Protecting Minorities

According to the Human Rights Observer’s 2023 fact sheet, content against religious minorities has increased in the national curriculum and textbooks. Unsurprisingly, the narrative paints them as outsiders, indoctrinating the public against them as a result. The education system is supposed to pave the way for tolerance and acceptance, and foster open-mindedness but here, we find ourselves immersed in discriminatory practices. The government must reconsider the approach it wants to take, especially in light of the global condemnation we already face in regard to human rights violations.

The Centre for Social Justice (CSJ) used the report and highlighted five key issues that minorities in Pakistan experience; forced conversions, blasphemy accusations, the slow establishment of the National Commission for Minorities, jail remissions and most importantly, discrimination in the education system. The reason why a repressive and intolerant education system is a problem is that it is responsible for dispensing knowledge to impressionable children. It is at this point in their life that they absorb qualities like acceptance, tolerance, peaceful cohabitation, respect, and value for human life and learn concepts like equality. To have a national curriculum that paints minorities as evil, outsiders or as a segment of the population that is not truly a part of the citizenry is problematic.

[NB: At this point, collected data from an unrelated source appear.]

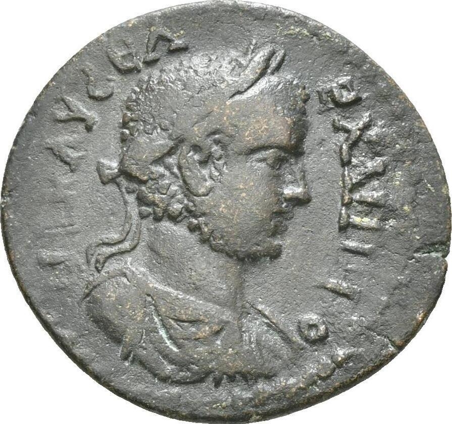 laureate, draped and cuirassed bust of Severus Alexander, right, seen from front
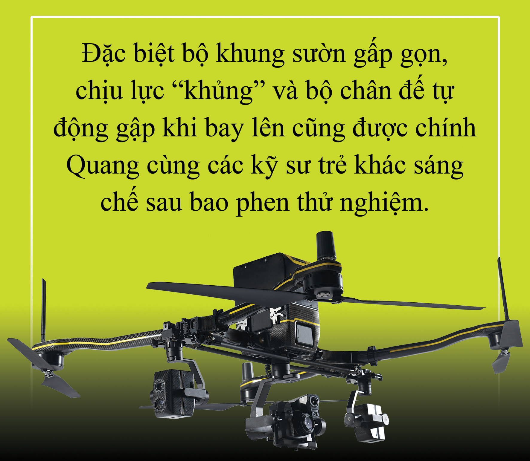 Đứng bên cạnh chiếc Hera, ông Quốc giới thiệu những ưu điểm vượt trội khi đây là thiết bị bay không người lái nhỏ gọn song có thể nâng tải nặng, lại bay được gần một giờ.
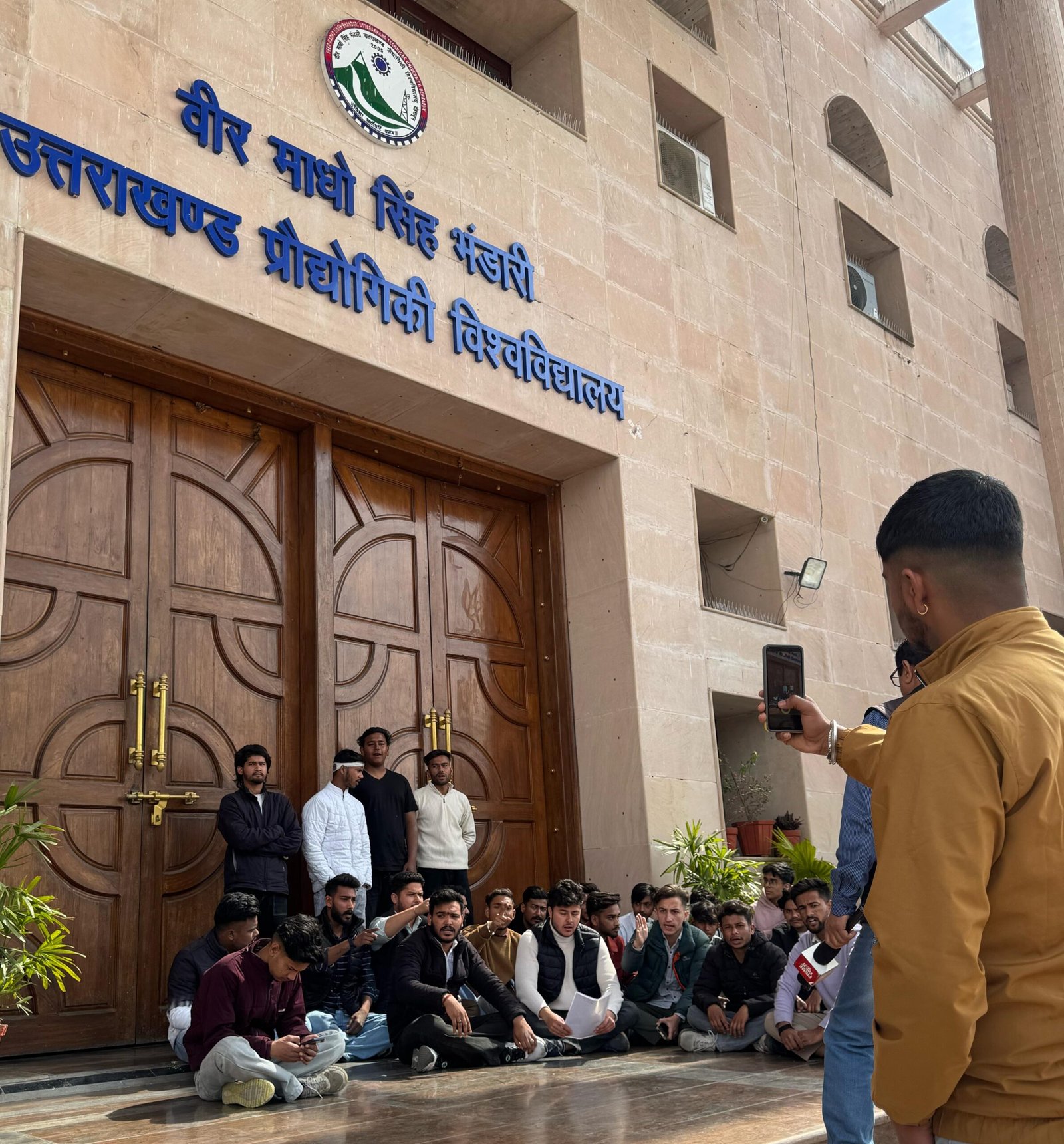 देहरादून, उत्तराखंड तकनिकी विश्विद्यालय में चल रहे फ़र्ज़ी डिग्री जाँच प्रकरण में मंगलवार को उस वक्त नया मोड़ आ गया जब डी.ए.वी. छात्र संघ अध्यक्ष सिद्धार्थ अग्रवाल के नेतृत्व में छात्र संघटनो ने वाईस चांसलर डॉ. ओमकार सिंह, एवं परीक्षा नियंत्रक डॉ. वी. के. पटेल से नैतिकता के आधार पर इस्तीफे के मांग की !
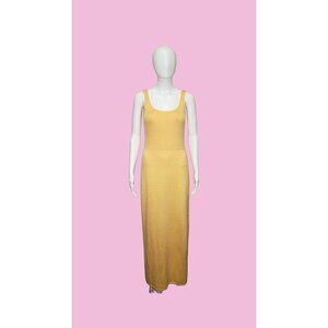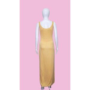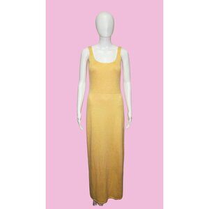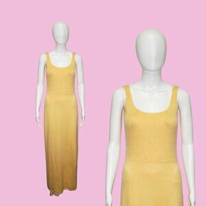 1970s St. Johns Knits orange knit maxi dress with slit.
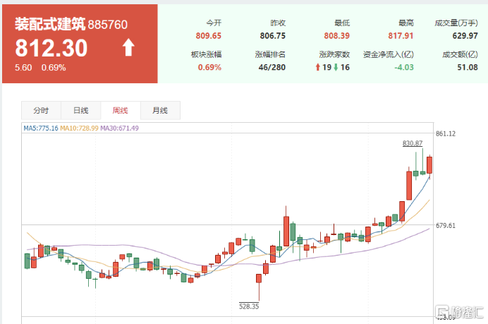 近日,受住建部等十三部门发文鼓励智能建筑和装配式建筑融合发展政策的影响,装配式建筑指数走势瞩目。
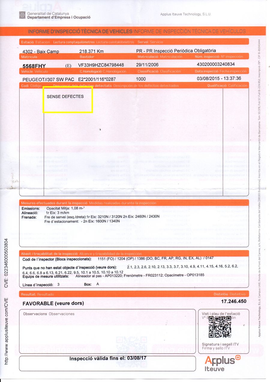 ITV OK. KMS Sellados en Cada Revisión (Kilometros Garantizados)
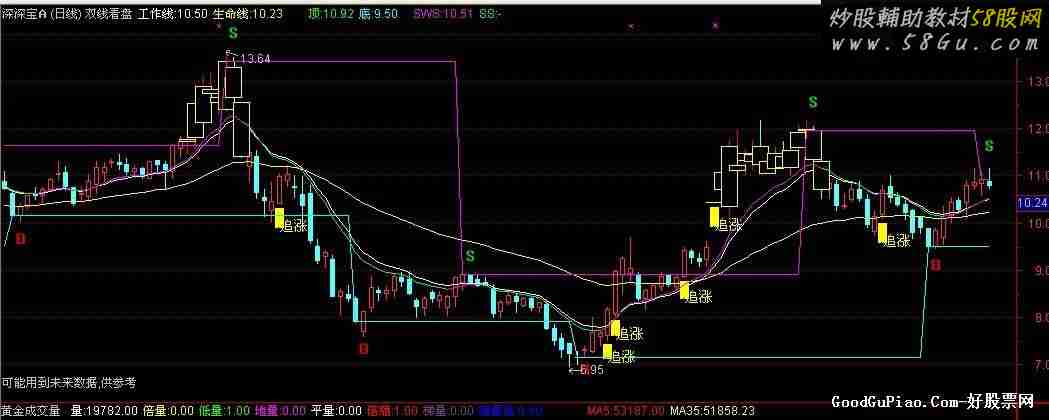 双线看盘(主图 源码 有未来)工作线:EMA(CLOSE,14),COLORFFFFFF; 生命线:EMA(CLOSE,47); VAR326:=IF(CLOSE>REF(CLOSE,1),88,0); VAR327:=IF(CLOSE/REF(CLOSE,1)>1.050 AND HIGH/CLOSE<1.010 AND VAR326>0, 91, 0); STICKLINE(VAR327>90,L*0.99,L*0.95,4,0),COLORYELLOW; DRAWTEXT(VAR327>90,LOW*0.95,'追涨'),COLORYELLOW; E5:=EMA(HHV(C,5),5); Q15:=EMA(HHV(C,15),15); HEX:=EMA(MA(CLOSE,5),2); HQA5:=IF(EMA(C, 3)< HEX,(EMA(C, 3)-(HEX-EMA(C, 3))),HEX); HE15:=IF(EMA(C, 6)>=HEX,(EMA(C, 6)-(HEX-EMA(C,6))),HEX); HE35:=IF(EMA(C, 9)>=HEX,(EMA(C, 9)-(HEX-EMA(C,9))),HEX); PT := REF(HIGH,1)-REF(LOW,1); CDP := (HIGH + LOW + CLOSE)/3; AH := CDP + PT; AL := CDP - PT; NH := 2*CDP-LOW; NL := 2*CDP-HIGH; HLOC:=HHV((REF(CDP+NH+NL+CLOSE,1))/4,1); LC:=HHV(HLOC,5); RMI:=SMA(MAX(C-LC,0),10,1)/SMA(ABS(C-LC),10,1)*100; H1:=EMA(HHV(RMI,1), 1); H10:=HHV(HHV(RMI,1),10); H21:=HHV(HHV(RMI,1),21); L5:=EMA(LLV(RMI,1),5); STICKLINE((HE35>=Q15 AND HEX<=HQA5 AND H1>=L5),L,H,0,1),COLOR0000F9,LINETHICK2; STICKLINE((HE35>=Q15 AND HEX>=HQA5),O,C,8,1),COLORYELLOW,LINETHICK1; 今量:=MA(VOL,1); 二:=MA(VOL,2); 三:=MA(VOL,3); 五:=MA(VOL,5); 十:=MA(VOL,10); 二十:=MA(VOL,20); 六十:=MA(VOL,60); 二量:=(今量>REF(二,1))*二; 三量:=(今量>REF(二,1)AND(二>REF(三,1)))*三; 五量:=(今量>REF(二,1)AND(二>REF(三,1)AND(三>REF(五,1))))*五; 十量:=(今量>REF(二,1)AND(二>REF(三,1)AND(三>REF(五,1)AND(五>REF(十,1)))))*十; 二十量:=(今量>REF(二,1)AND(二>REF(三,1)AND(三>REF(五,1)AND(五>REF(十,1)AND(十>REF(二十,1))))))*二十; 六十量:=(今量>REF(二,1)AND(二>REF(三,1)AND(三>REF(五,1)AND(五>REF(十,1)AND(十>REF(二十,1)AND(二十量>REF(六十,1)))))))*六十; 攻击量三:=(二量>REF(三量,1))*三量*0.002; 攻击量五:=(今量>REF(二量,1)AND(二量>REF(三量,1)AND(三量>REF(五量,1))))*五量*0.002; 攻击五量:=(攻击量五>REF(攻击量五,1))*攻击量五*300; 攻击量十:=(五量>REF(十量,1))*十量*0.002; 攻击量二十:=(十量>REF(二十量,1))*二十量; 攻击六十:=(今量>REF(二量,1)AND(二量>REF(三量,1)AND(三量>REF(五量,1)AND(五量>REF(十量,1)AND(十量>REF(二十量,1)AND(二十量>REF(六十量,1)))))))*六十量*0.002; 量三:=攻击量三>0; 量五:=攻击五量>0; 量十:=攻击量十>0; 量二十:=攻击量二十>0; 量六十:= 攻击六十>0; 强三:=量三>0; 强五:=量五>0; 强十:=量十>0; 强二十:=量二十>0; 强六十:=量六十>0; MA9:=MA(CLOSE+强三,1); TJ9:=C>=MA9; TJA0:=C<MA9; MA10:=MA(CLOSE+强五,1); TJ10:=C>=MA10; TJA1:=C<MA10; MA11:=MA(CLOSE+强十,1); TJ11:=C>=MA11; TJA2:=C<MA11; MA12:=MA(CLOSE+强二十,1); TJ12:=C>=MA12; TJA3:=C<MA12; MA13:=MA(CLOSE+强六十,1); TJ13:=C>=MA13; TJA4:=C<MA13; 顶:PEAK(CLOSE,10,1); 底:TROUGH(CLOSE,10,1),COLORCYAN; DRAWICON(CROSS(ZIG(3,10),REF(ZIG(3,10),1)),LOW*0.96,7); DRAWICON(CROSS(REF(ZIG(3,10),1),ZIG(3,10)),HIGH*1.04,8); SWL:=(EXPMA(CLOSE,5)*7+EXPMA(CLOSE,10)*3)/10,COLORGRAY; SWS:DMA(EMA(CLOSE,12),MAX(1,100*(SUM(VOL,5)/(3*CAPITAL)))),COLORMAGENTA; SS:IF(SWS<=REF(SWS,1) AND C<=SWS,SWS,DRAWNULL),COLORGREEN; |
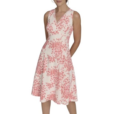 Sleeveless Midi Floral Dress for Women-V-Neck Wedding Guest and Bridal Shower Summer Outfit
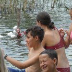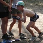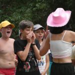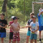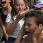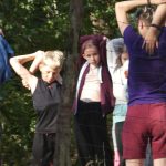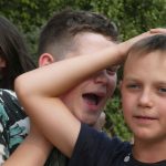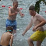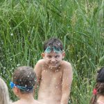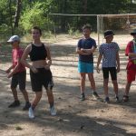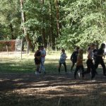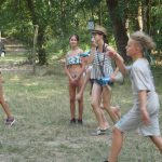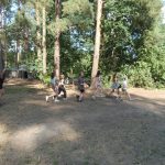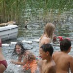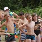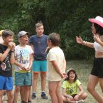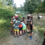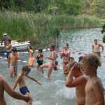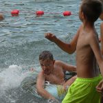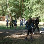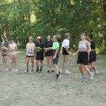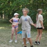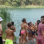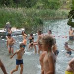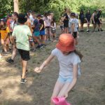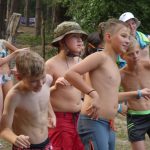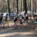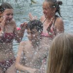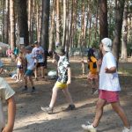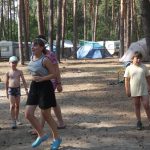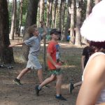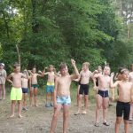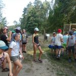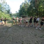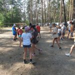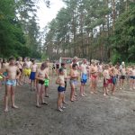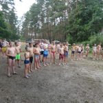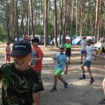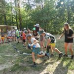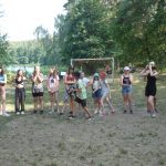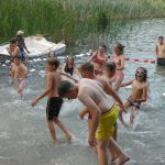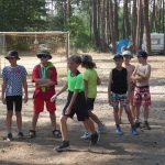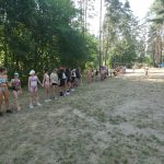 Popołudniu były pląsy i zabawy ruchowe np. pony, murarz albo przekrzykiwanie się (nawet zabawne, ale trochę bolały gardła niektórych) i gry w wodzie, bo było bardzo ciepło. Polegały one np. na chlapaniu. 🙂 Zrobiliśmy też próbę ewakuacji, tak na wszelki wypadek, żeby było bezpiecznie.
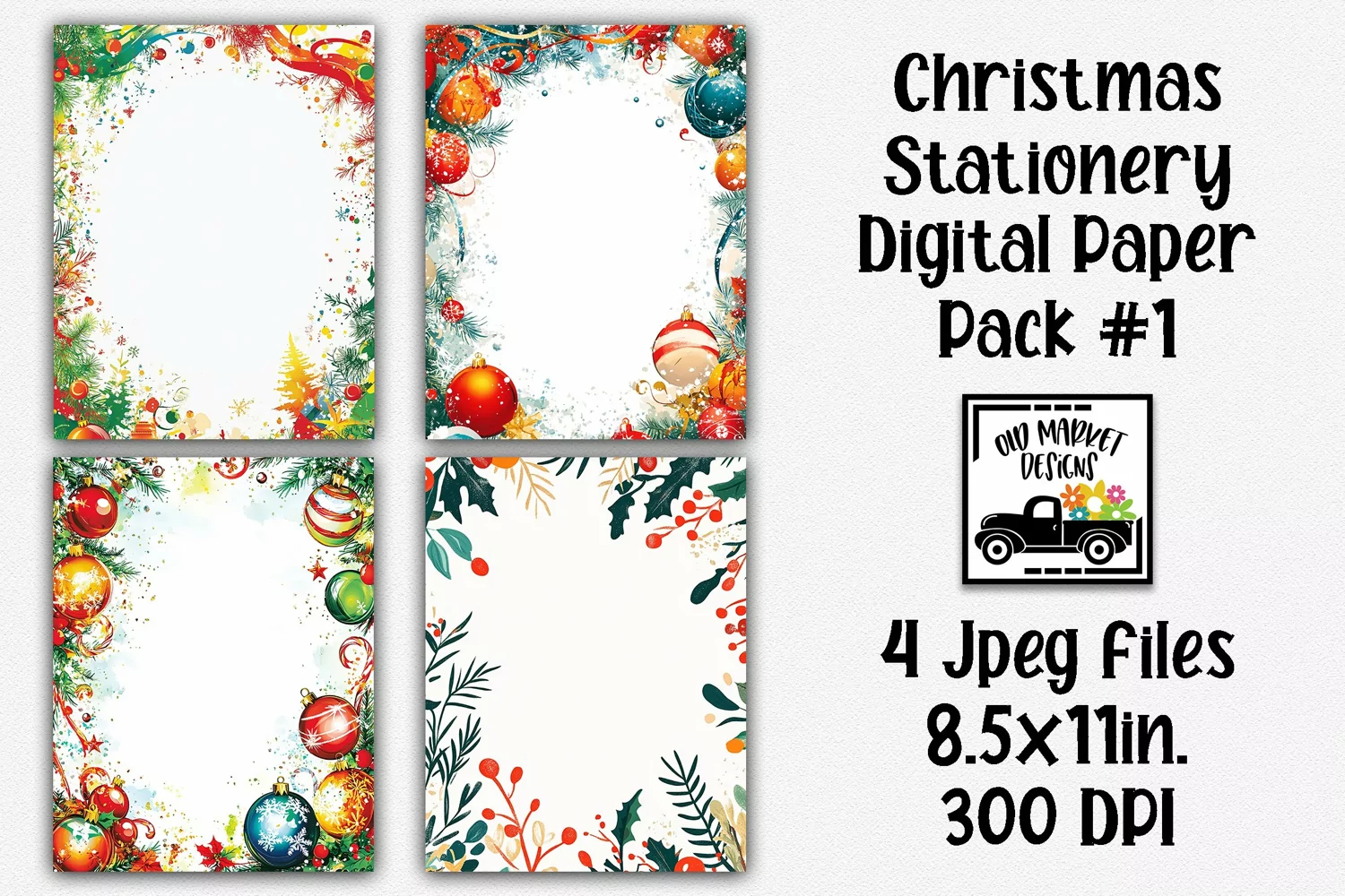 4 - 8.5" x 11" Abstract Christmas Letterhead Papers, Jpeg Files, 300 dpi (These are digital papers, not overlays.)
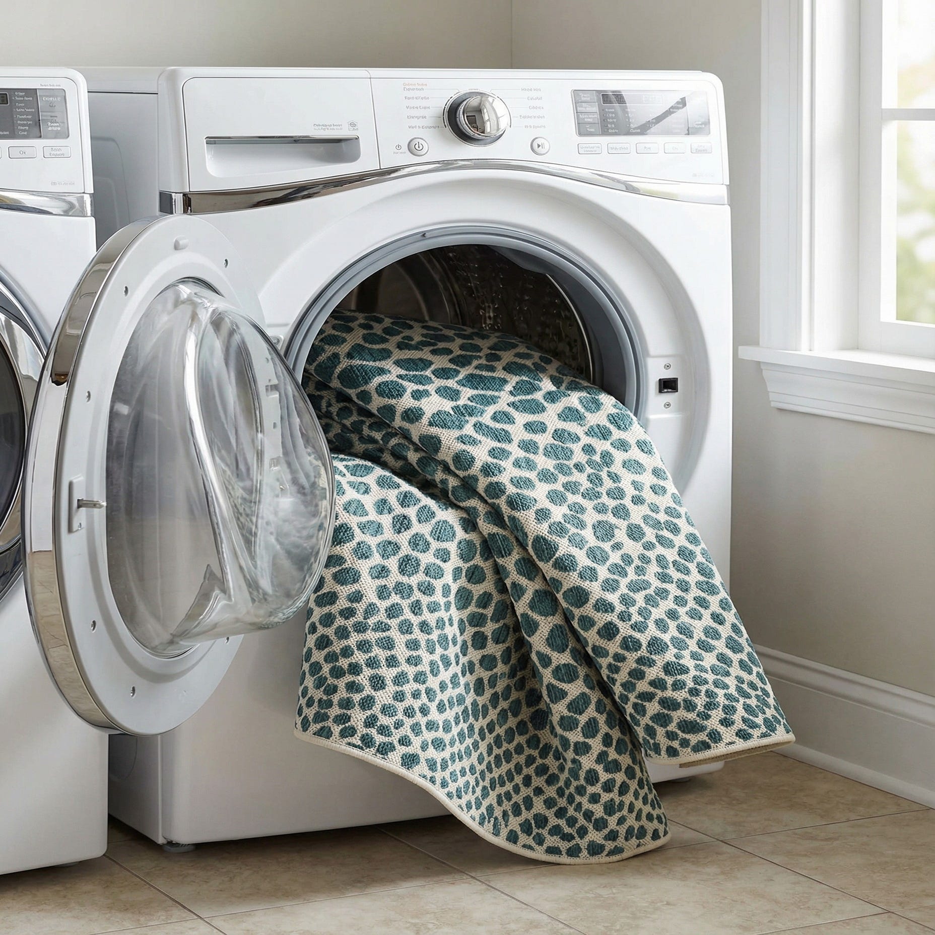 Primary color is Teal. Colors in this rug include: Teal, Ivory.

The previous government endorsed the Single National Curriculum (SNC) which made Islamic education compulsory for all children in primary and secondary school. Quranic teachings have been made mandatory, as well as a comprehensive study of the Shariah Law. All students are required to study this content matter, despite being minorities belonging to different religions. Education reform is definitely needed but it should be multi-dimensional. Focusing on one particular type of religious education that aims to differentiate between the citizenry and paint the minority as second-class citizens that may not truly belong to Pakistan is not the right way to go about it.

These structural and regressive problems in the curriculum have to be resolved to make way for progressive, more tolerant teachings. We have earned a reputation of being highly repressive towards minorities particularly; we must distance ourselves from such practices through consultations with education experts and entertaining diverse perspectives.